Credit Card Payment Processor
Privacy.Fish uses Dintero Checkout for credit card payments. Dintero is a Norwegian payment provider based in Oslo, and Dintero Checkout is their online checkout product for merchants. (Dintero Checkout , Dintero Terms for Checkout )
Privacy Information for Credit Card Payments
Credit card payments are the least private payment method offered by Privacy.Fish. When you pay by card, Dintero, the card network, the acquirer, your card issuer, and possibly other payment-service providers can process information about the transaction. Dintero’s privacy policy says it may process contact information, account information, payment card data, account numbers, browser and device data, usage data, purchase history, transaction-related data, fraud-prevention data, and data required by financial, accounting, or other legal obligations. Dintero also says the merchant is typically a controller for data needed to manage the purchase, while a payment service provider is a controller for data needed to process the payment. (Dintero Privacy Policy , Dintero End-Customer Terms )
Privacy.Fish does not want your card number. The point of using Dintero is that the card payment is handled by their payment infrastructure instead of Privacy.Fish storing or processing raw card details. But this also means a third-party checkout and card-payment chain exists, and that chain can see much more payment metadata than Privacy.Fish wants to know.
Do not submit your username, email address, real name, or other identifying information with the credit card payment. Submit only the temporary payment code in the payment form.

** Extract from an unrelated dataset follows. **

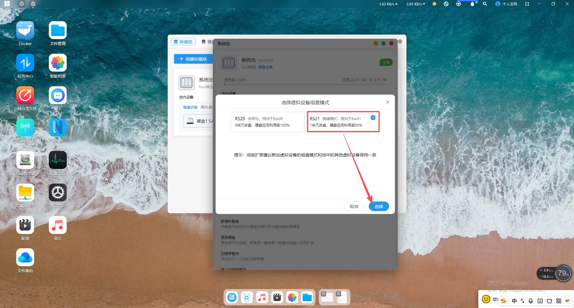 一定要选择带冗余模式,勾选图中“RS21 镜像模式”选择确认扩容

Logfile Privacy Information
Logfiles Mail Servers
Privacy.Fish is required by norwegian law to keep logfiles of registered accounts for SSH and SFTP logins to the servers, this means each time you send or fetch mail, or when you modify your SSH public keys. For each login, we store the timestamp, username, source IP address and source port. We are required to keep this data for 12 months for Norwegian legal compliance.
Besides this legal requirement, Privacy.Fish is striving to “have as little data as possible”.
Logfiles from the servers are streamed to an internal analysis system, processed for security alerts, and discarded when no alert is triggered. The analysis system does not send log data to third parties or perform external lookups such as IP reputation checks. When suspicious activity is detected, Privacy.Fish stores the alert and the minimal log lines needed to understand it. Administrators may temporarily enable more detailed logging during incident response, but this is limited to the time required to deal with the incident and disabled again after debugging. After debugging, those temporary logs are deleted. If logs have to be retained for legal reasons or an incident report, they are minimized and anonymized as much as possible.